Sea state is a subjective quantity whose accuracy depends on an observer’s ability to translate local wind waves into numerical scales. It provides an analytical tool for estimating the impact of the sea on data quality and operational safety. Tasks dependent on the characteristics of local sea surface conditions often require accurate and immediate assessment.
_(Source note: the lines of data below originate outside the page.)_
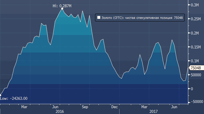 Согласно последним данным американской Комиссии по торговле товарными фьючерсами (CFTC), за неделю до 25 июля крупные спекулянты увеличили объем чистой длинной позиции во фьючерсах и опционах на золото на 46 228 контрактов до 75 048 контрактов (4-недельный максимум).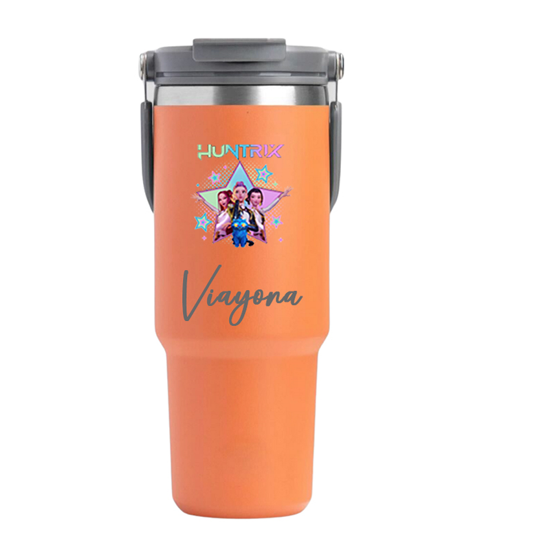 Our tumbler is the perfect sipper to keep your drinks hot and cold all day long as it is double wall insulated! It comes with a comfortable grip handle. The handle makes it perfect for carrying on the go and can easily fit in a cup holder. The built-in flip cap is made for easy-breezy sipping. Take it to the gym, school or work. It keeps water cold for 4 hours, hot for 1.5 hours. Select from fun designs & add your name for a personal touch (Design is optional)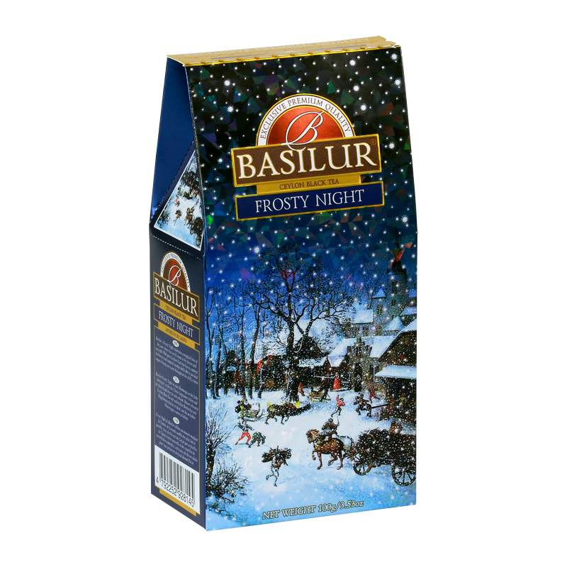 Herbata Basilur Frosty Night to przepyszna zimowa mieszanka czarnej herbaty z owocami oraz nutą wanilii i migdałów. W skład mieszanki wchodzi czarna wysokiej jakości herbata gatunkowa: BOP1 uprawiana na Sri Lance oraz prawdziwe owoce i płatki kwiatów. Herbata pakowana jest w ozdobny kartonik z zimowym motywem.

An attempt to automate sea state classification using eleven years of ship motion and sea state observation data is made using parametric modeling of distribution-based confidence and tolerance intervals and a probabilistic model using sea state frequencies. Models utilizing distribution intervals are not able to exactly convert ship motion data into various sea states scales with significant accuracy. Model averages compared to sea state tolerances do provide improved statistical accuracy but the results are limited to trend assessment. The probabilistic model provides better prediction potential than interval-based models, but is spatially and temporally dependent.

Rights

The University of New Orleans and its agents retain the non-exclusive license to archive and make accessible this dissertation or thesis in whole or in part in all forms of media, now or hereafter known. The author retains all other ownership rights to the copyright of the thesis or dissertation.

Creative Commons License

Creative Commons Attribution-Noncommercial-No Derivative Works 4.0 License
This work is licensed under a Creative Commons Attribution-Noncommercial-No Derivative Works 4.0 License.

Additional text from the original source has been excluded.